Lack of Alt Fees a Pain for Clients (+ May Eventually Help Legal Tech)

A new survey of inhouse lawyers and legal ops professionals has found that around one third saw a ‘lack of alternative fee’ options from law firms as a key pain point – and that may eventually help legal tech to play a bigger role.

The survey by Priori Legal, the legal talent platform, found that of the five top pain points experienced when selecting outside counsel, 32% of clients said a lack of alternative fees was an issue. Top was cost, and second was a lack of information on the lawyers they were considering. Just under 20% said diversity was a pain point.

So, why is this going to eventually help legal tech? The answer is that if clients are looking more and more at alt fees, which although it is a term that covers a multitude of approaches, it likely means a growing amount of work will need to be on fixed or scoped fees, i.e. that a certain price is agreed for a piece of work, or part of a piece of work, and it’s up to the law firm or legal process provider to figure out how to do it at that price.

This in turn drives two aspects of legal tech:

  1. The need for billing and price benchmarking tools that allow clients to better understand what it is they want from their external lawyers, i.e. if you want a fixed price for X, then you need to look at previous examples of X to know what price to set things at.
  2. The more a law firm, or other provider, operates with a set fee the more the value of efficiency tools increases. I.e. if the fee is set at $100,000, then it’s in your interest to be as efficient as possible to get that job done and send the bill, rather than relying on the inefficiency of manual legal labour to get you to the profit margins you are looking for.

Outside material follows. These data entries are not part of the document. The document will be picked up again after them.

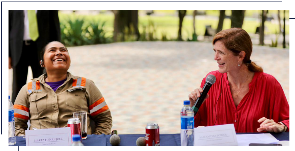
USAID PHOTO / EL SALVADOR USAID Administrator Samantha Power at a roundtable with participants in a USAID-supported job training program in San Salvador, El Salvador on June 14, 2021.
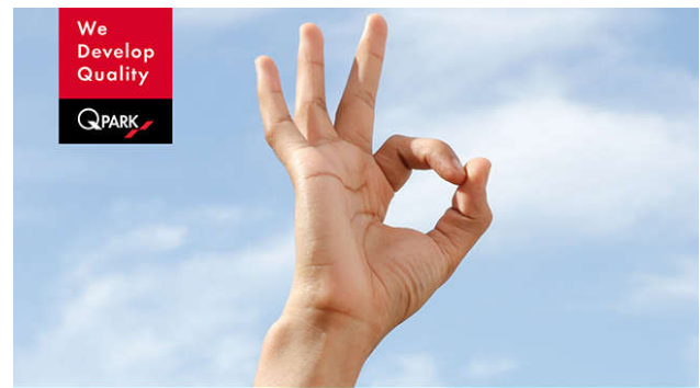
Figure 10: Variety of support services

Our aim is to foster mobility and enable access to essential urban functions in conjunction with sustainability concerns.
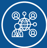
TACC Transition Assistance & Career Counseling
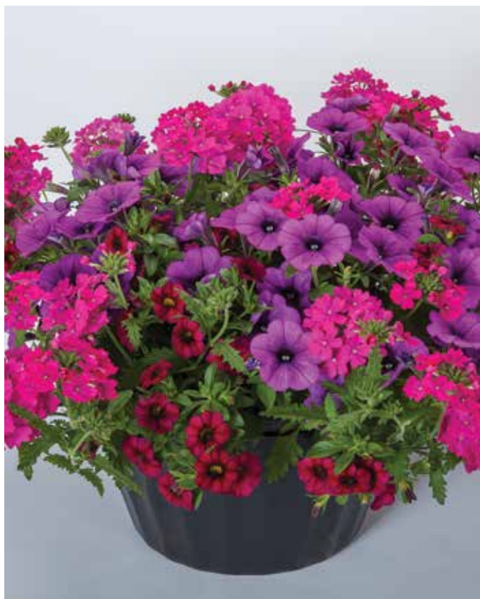
Kwik Kombos Mermaid Tails Mix
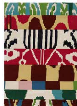
Green Ikat - 5303

Quality: Select Wool, Viscose Pom Fringes Relief and Carving Size: 200x300 cm Edition of 5, numbered and signed by the author
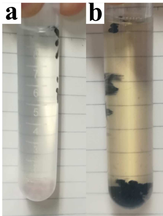
Figure S1. Chromogenic reaction of TA-PVA/SA with \text{FeCl}_3 ; (a) TA-PVA/SA hydrogel beads soaked in pure water, (b) colour reaction of dropping \text{FeCl}_3 .
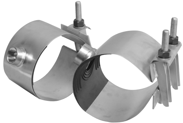
Stainless Steel Service Saddle
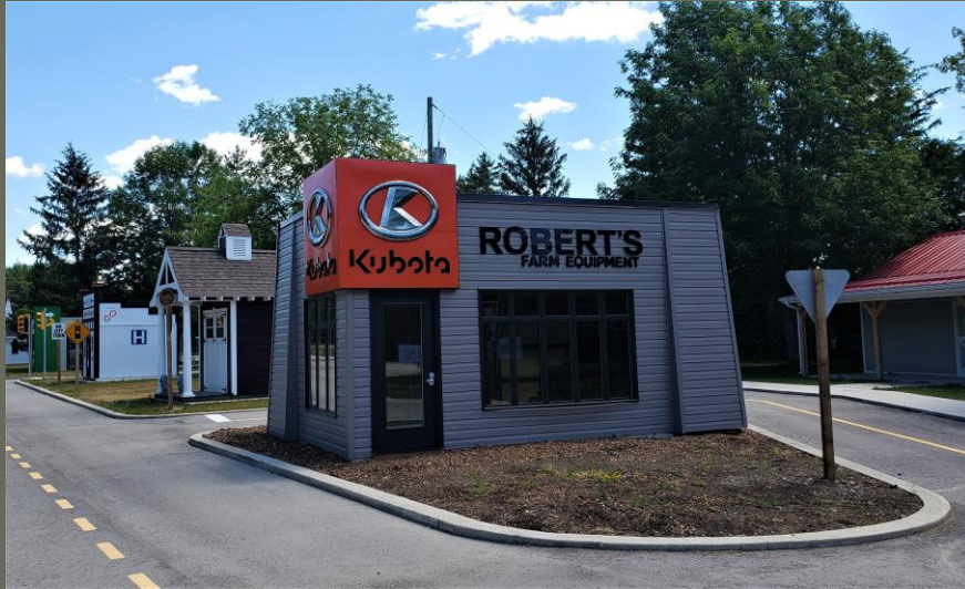
Farm Equipment Dealership
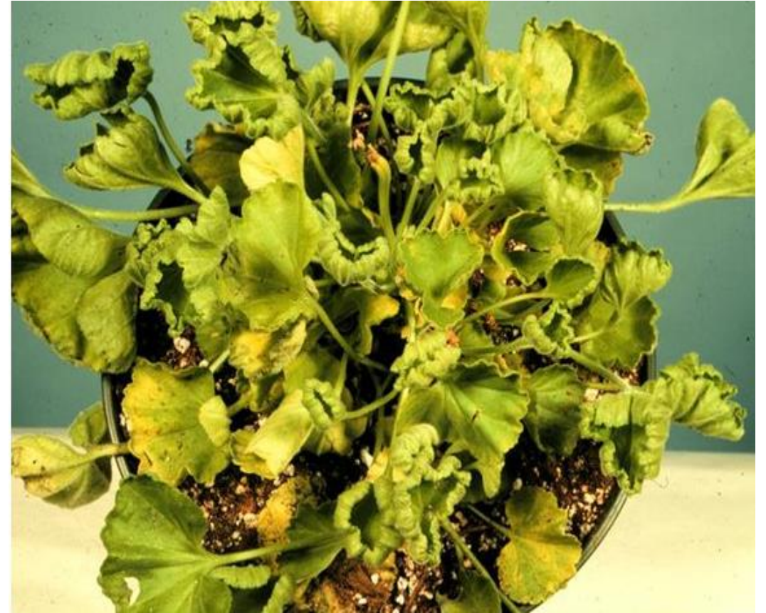
Curling and cupping of leaves
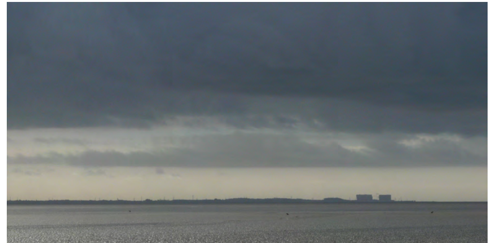
Heysham power station dominates the view across the sands of Morecambe Bay.

Although coastal trade was part of the early influence on settlement, more recently land-based trade routes have been more important and the NCA sits at one end of a bottleneck in north-south trade routes up the west side of England. This route is still much evidenced today with the Lancaster Canal, the West Coast Main Line railway and the M6 motorway all squeezed into a narrow corridor between the uplands of Bowland and the lowlands of Morecambe Bay.
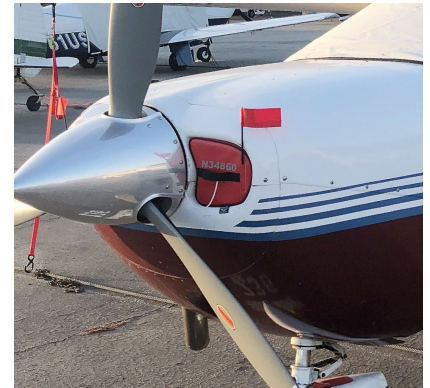
Cessna Cardinal Engine Plugs
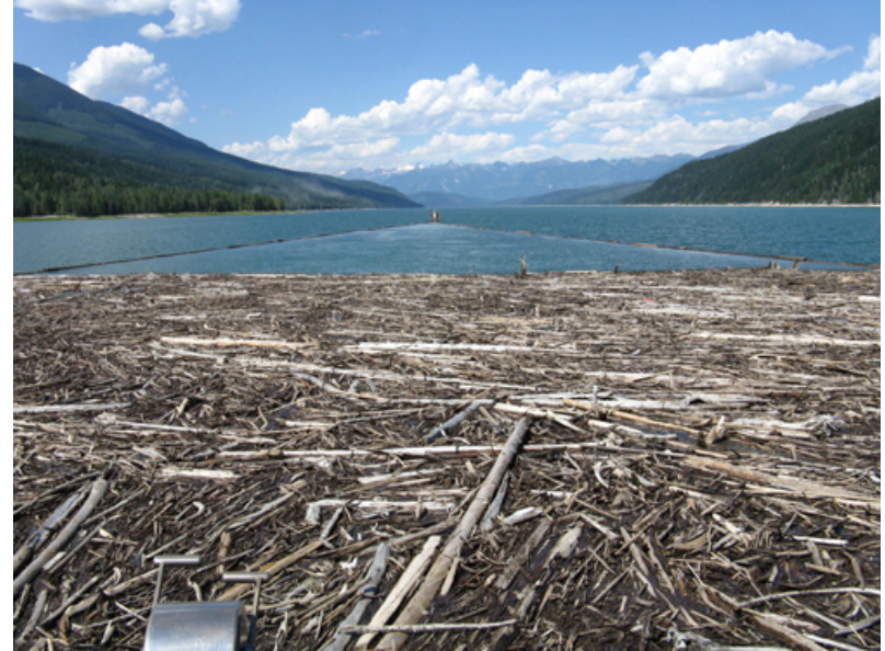
Driftwood (getting pulled by a boat as a log boom here)
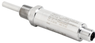
Part No. TM311-P801/0
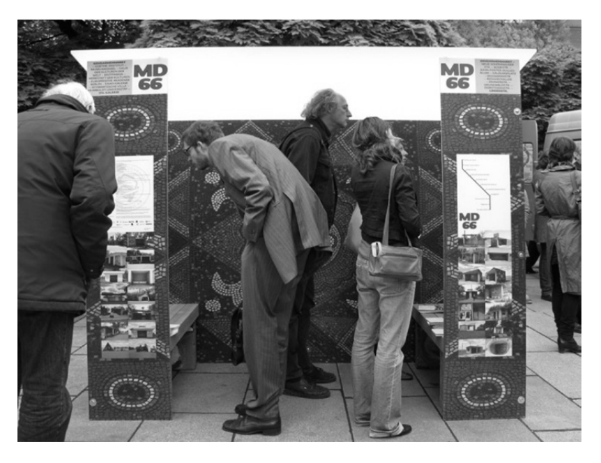
Fig. 14. 2. Bus shelter in Berlin (2010).

The tour continued to Leipzig, home of the Moldova Institute, and Mannheim, twinned with Chişinău, capital of Moldova. Finally, the microbus and its technical installations were handed over to the Republic of Moldova and thus made available to local NGOs, enabling them to present their projects to a wider public especially connecting urban and rural spaces. Thus, the circle of dialogue which defined the whole project was complete. With the initial field research, a dialogue in Moldova began which asked citizens to talk about their country, their life in Moldova, their fears, their hopes, their wishes, and their European perspectives. These views and opinions were presented to exhibition visitors in Germany who were engaged in a dialogue about this small and little-known country. The final step of the project continues to seek a longer-term social dialogue while contributing to stimulating a more open and informed democratic society in Moldova.

Smart firms will figure out that tech and better processes will actually deliver higher profit margins….and make clients happy.

It’s also good news for projects such as the SALI Alliance, as it reinforces the need for legal matter taxonomies. If you are going to price X, you need to be able to define what ‘an X actually looks like and is called’.

I.e. if we want to turn at least part of the legal ‘market’ into a real market where there is information symmetry and buyers actually know the price of the things they are buying – which has got to be one of the pillars of a real market – then we need taxonomies and associated price lists.

In turn the drive to make that happen comes when we use alternative fees, and that also boosts the use of a range of legal tech tools.

And, all of this also boosts the growth of process-focused legal businesses, as they excel at scoped fees and efficiency. They also use plenty of tech.

All in all, good news. Thanks to Priori for the survey.

Priori’s 2021 Legal Departments Survey, fielded in January and February 2021, received responses from more than 130 GCs, counsel, legal operations leaders and other in-house professionals.